**Saved data entries:**
········

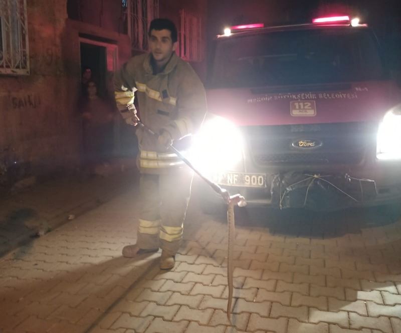 Ahmet AKKUŞ/-MARDİN’in Nusaybin ilçesinde Sahur vakti bir evin avlusuna giren 1 metre uzunlukta ve yaklaşık 15 santim kalınlıkta olan yılan ev sakinlerine korku dolu anlar yaşatarak eve kapanmalarına neden oldu, itfaiye ekiplerinden yardım istedir. Ekipler, bölgeye gelerek, yılan kimseyi ısırmadan yakalayıp doğaya Salı verildi.
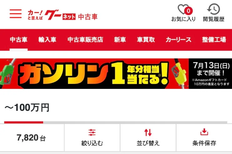 たとえば、中古車情報サイトのグーネットにて、「100万円以下」「2020年〜2025年式」「走行距離5万km以下」「修復歴なし」の条件で検索すると、8,000台近い中古車がヒットします。
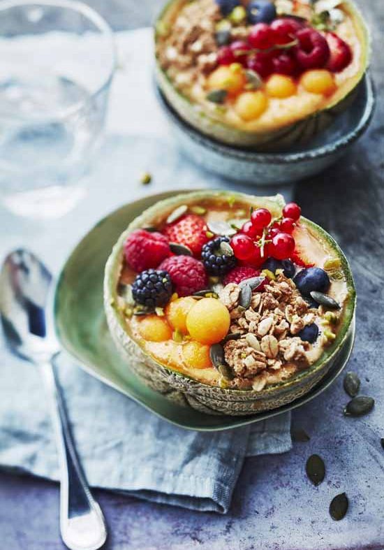 - Verser le smoothie melon abricot pêche dans les coques de melon. Garnir le smoothie de fruits rouges et de muesli, de graines de courges et de pistaches, et ajouter les billes de melon en finition.
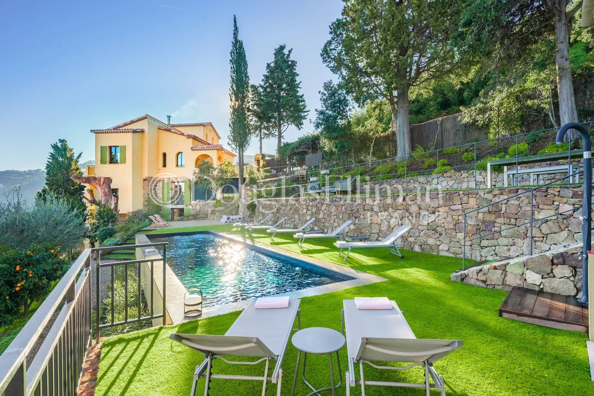 The exteriors offer numerous terraces with lounge and dining areas, a 2.5x8m salt water swimming pool, parking for 3 cars.
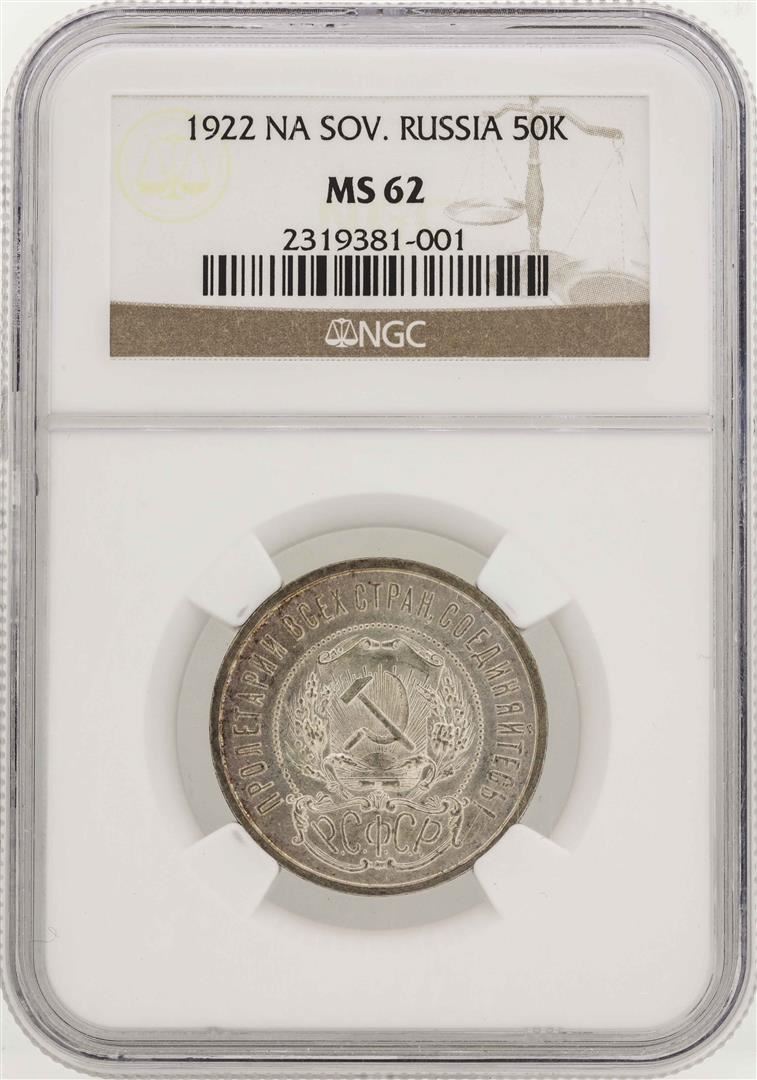 One 1922 NA Soviet Russia 50 Kopeks Silver Coin NGC MS62. NGC Certified.
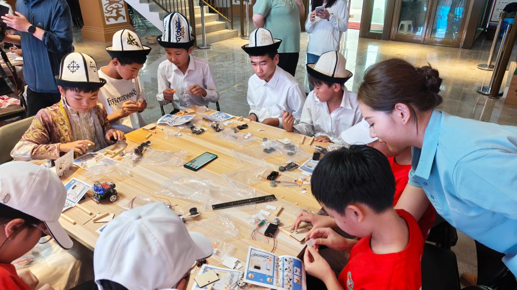 智趣科普行,播撒科技新火种。8月14日,夏令营开营仪式在阿合奇县玛纳斯史诗馆举行。阿合奇县委副书记、无锡前方工作组组长俞震旦,团市委相关负责人,江南大学物联网工程学院党委副书记、副院长吴妍等出席,两地40余名青少年共同参与。仪式在雄浑激昂的《玛纳斯》演唱中拉开帷幕,两地青少年联袂献上文化交融表演。俞震旦在致辞中表示,本次活动是锡阿交往交流的暖心实践,生动体现“中华民族一家亲”的深厚情谊。随后,在“民族团结结对子”环节中,孩子们互赠礼物、传递情谊。
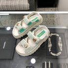 DAD SANDAL IN WHITE MIX PERSIAN GREEN TWEED FABRIC
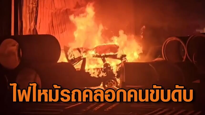 เก๋งหลุดโค้งพุ่งชนท่อระบายน้ำคอนกรีต ก่อนเหินชนป้าย ทำไฟคลอกคนขับดับคารถ
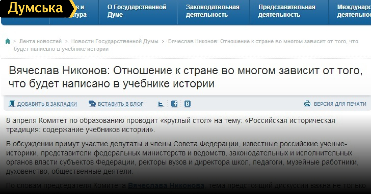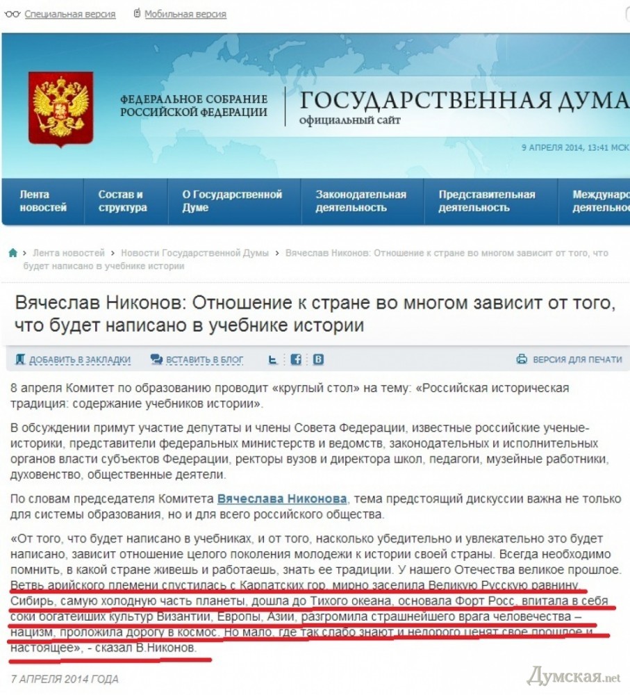 «У нашего Отечества великое прошлое. Ветвь арийского племени спустилась с Карпатских гор, мирно заселила Великую Русскую равнину, Сибирь, самую холодную часть планеты, дошла до Тихого океана, основала Форт Росс, впитала в себя соки богатейших культур Византии, Европы, Азии, разгромила страшнейшего врага человечества – нацизм, проложила дорогу в космос. Но мало, где так слабо знают и недорого ценят свое прошлое и настоящее», — цитирует Никонова пресс-служба российского парламента.
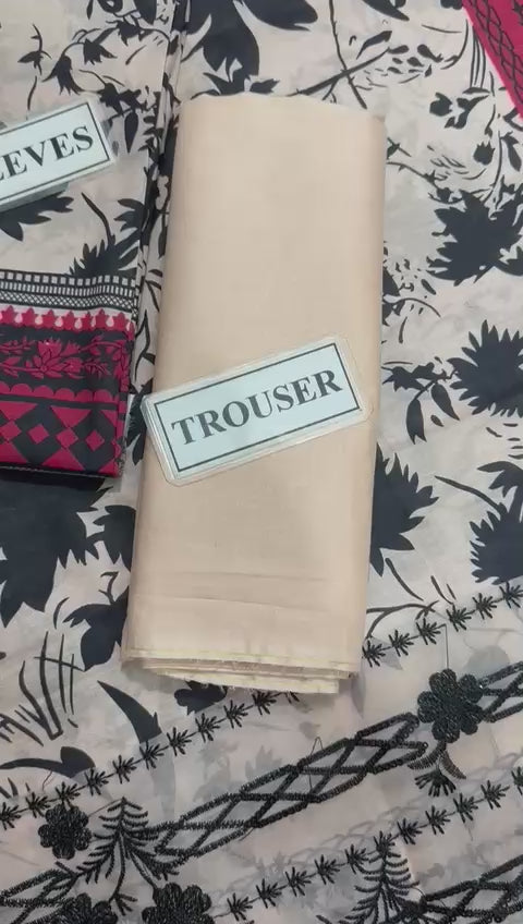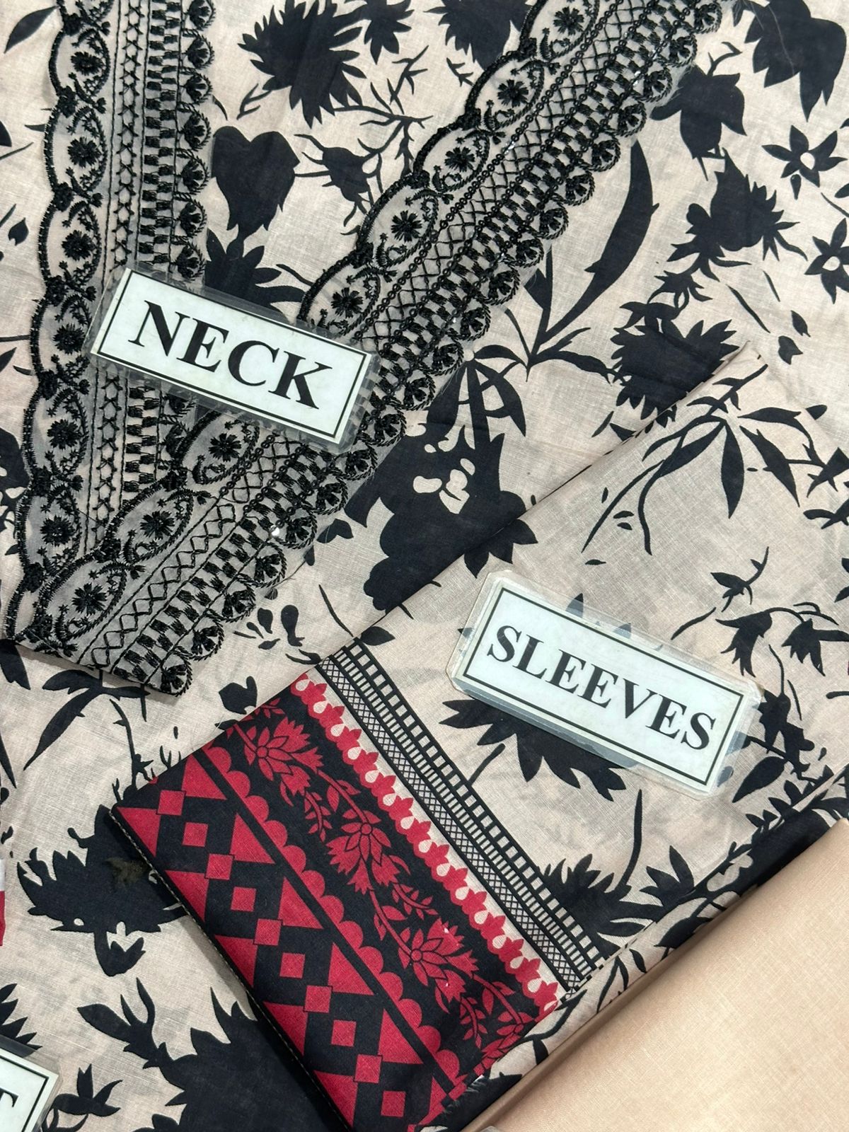 A premium designer-inspired unstitched 3-piece lawn suit featuring an embroidered neck and daman. The printed lawn shirt is paired with a soft printed dupatta and plain lawn trouser, creating a fresh and elegant summer look.
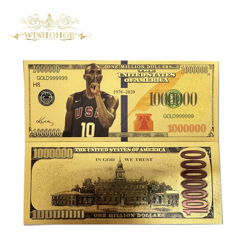 Nice 10pcs/lot America Kobe silver Banknotes 100 Dollar Banknotes in 24k Gold Plated Fake Money Gold Plated Business Gift
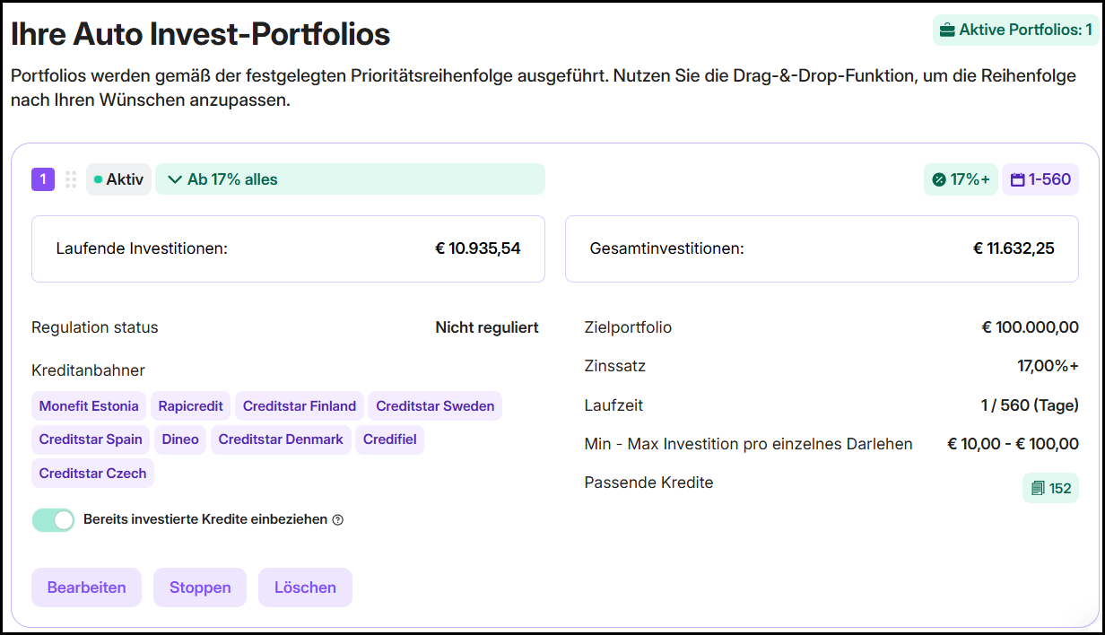 Damit ich nicht immer manuell nach Kreditangeboten suchen muss, habe ich meinen Auto-Invest so eingestellt:
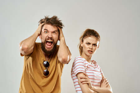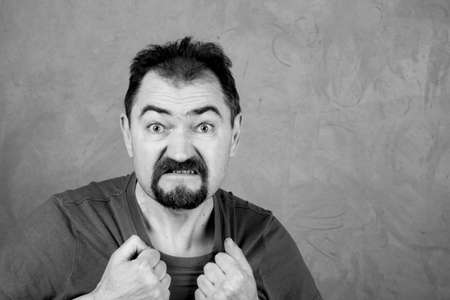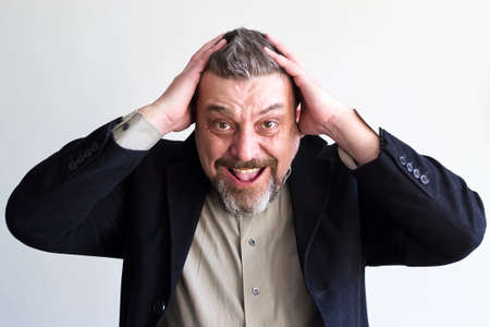 A man with a beard in a tantrum Facial expression of panic, fear, failure Concept: business collapse, bankruptcy, stress, defeat. Humor, a joke.
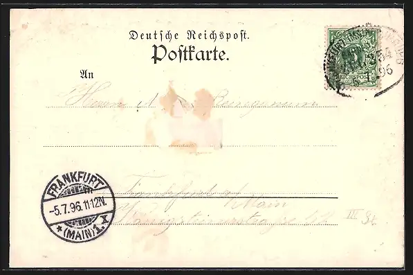 gelaufen 1896, Eckknicke oben, rückseitig Klebe- und Papierreste, guter Zustand
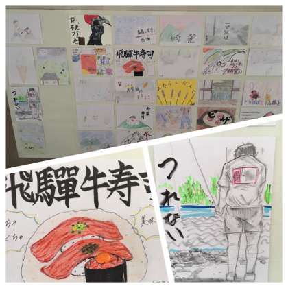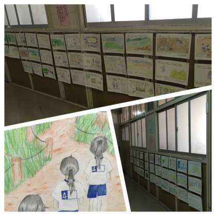 1年生と3年生の廊下には一泊移住の絵と修学旅行の絵葉書が掲示してあります。

········

**What is being asked:**
All that is wanted is each line, word for word, from the first line of the data to the one holding "たとえば、中古車情報サイトの", with the pictures left out.

**Answer to the problem:**
 Ahmet AKKUŞ/-MARDİN’in Nusaybin ilçesinde Sahur vakti bir evin avlusuna giren 1 metre uzunlukta ve yaklaşık 15 santim kalınlıkta olan yılan ev sakinlerine korku dolu anlar yaşatarak eve kapanmalarına neden oldu, itfaiye ekiplerinden yardım istedir. Ekipler, bölgeye gelerek, yılan kimseyi ısırmadan yakalayıp doğaya Salı verildi.
 たとえば、中古車情報サイトのグーネットにて、「100万円以下」「2020年〜2025年式」「走行距離5万km以下」「修復歴なし」の条件で検索すると、8,000台近い中古車がヒットします。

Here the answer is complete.